------ MATERIAL PROVIDED
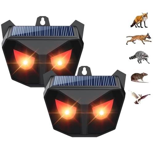 – Conducir eficazmente a los animales lejanos: los dispositivos disuasorios para animales están diseñados con fuertes luces rojas intermitentes, que estimulan la llama roja o los ojos de los depredadores aterradores para engañar y ahuyentar a la mayoría de los invasores lejos de su área, para proteger su jardín, patio, granja, campos de verduras, cubos de basura, aves, gatos, perros, mascotas, pollos y conejos de los ataques.
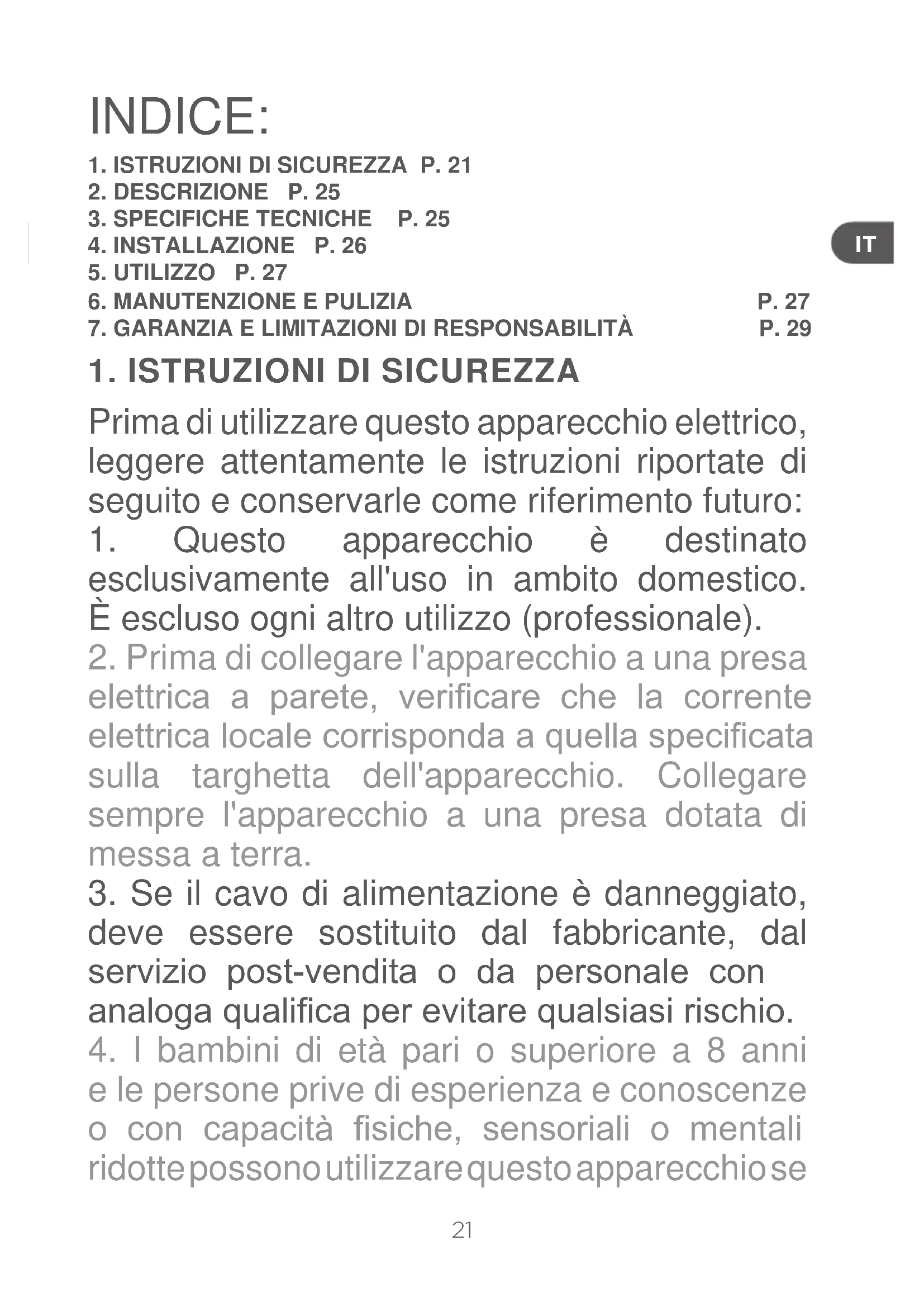 1. ISTRUZIONI DI SICUREZZA P. 21
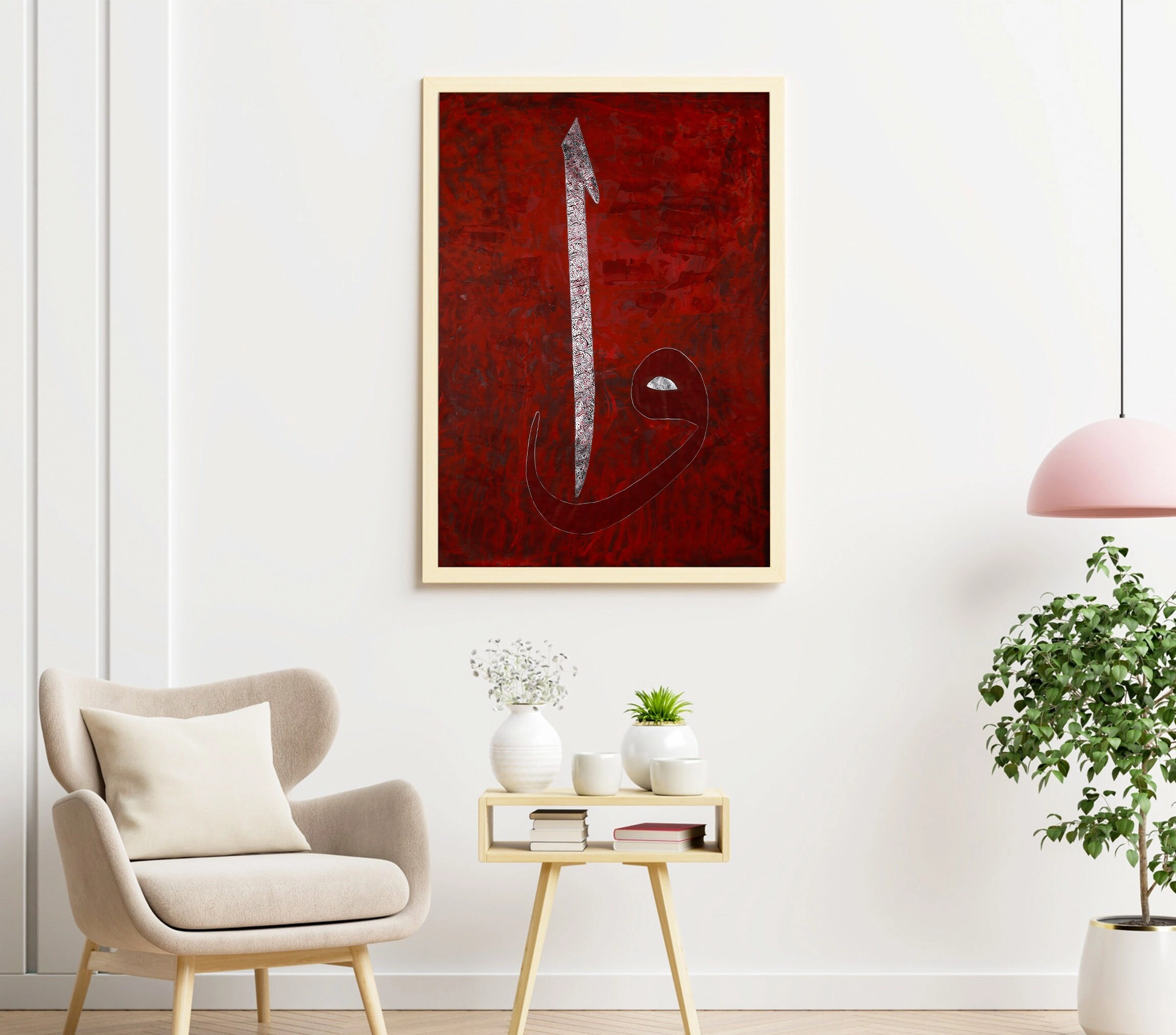 Kırmızı renkli soyut arka plan üzerine gümüş varaklı el yazması Elif Vav İslami hat tablosu, evinizin harika görünmesini sağlamak ve her duvara zarif bir hava katmak için özenle üretilmiştir. Bu zarif sanat eseri, hassasiyetle ve ayrıntılara gösterilen özenle tamamen el yapımıdır ve her duvara modern bir dokunuş katan en kaliteli sanat malzemeleriyle yapılmıştır. Bu kırmızı tabloda gümüş varakla işlenen Elif içine yazılı Ayetel Kürsi ve tasarıma eşlik eden Vav, renklerin canlılığı, duvarlarınıza hayat verecek ve her odayı daha güzel ve çekici hale getirecek. Elif Vav duvar dekoru, kadim İslam sanatı kültüründen ilham almıştır ve yaşam alanınıza benzersiz bir ifade katacaktır. Basit desenlerdeki karmaşık ayrıntılardan büyüleyici kırmızı ve gümüş tonlarına kadar, bu Arapça kaligrafi hat eseri kesinlikle hayran kalacağınız göz alıcı bir görünüm yaratıyor. İnanılmaz Elif Vav eseri evinize ve oturma odalarınıza huzur ve dinginlik getirecek. Bu İslami sanatın tasarımı, kırmızının güzel tonlarıyla birleştiğinde, yaşam alanınıza davetkar, sakinleştirici bir atmosfer kazandıracak. Her odayı yükseltecek benzersiz ve ilham verici tasarımıyla, her türlü modern ev dekorasyonu stiline mükemmel bir tamamlayıcı olacaktır.
------------
● **DIRECTIONS FOR THIS TASK**: Make an exact copy of the lines from the top of the material through the line with "1. ISTRUZIONI DI SICUREZZA P. 21", pictures excluded.

● **EXERCISE RESULT**:
 – Conducir eficazmente a los animales lejanos: los dispositivos disuasorios para animales están diseñados con fuertes luces rojas intermitentes, que estimulan la llama roja o los ojos de los depredadores aterradores para engañar y ahuyentar a la mayoría de los invasores lejos de su área, para proteger su jardín, patio, granja, campos de verduras, cubos de basura, aves, gatos, perros, mascotas, pollos y conejos de los ataques.
 1. ISTRUZIONI DI SICUREZZA P. 21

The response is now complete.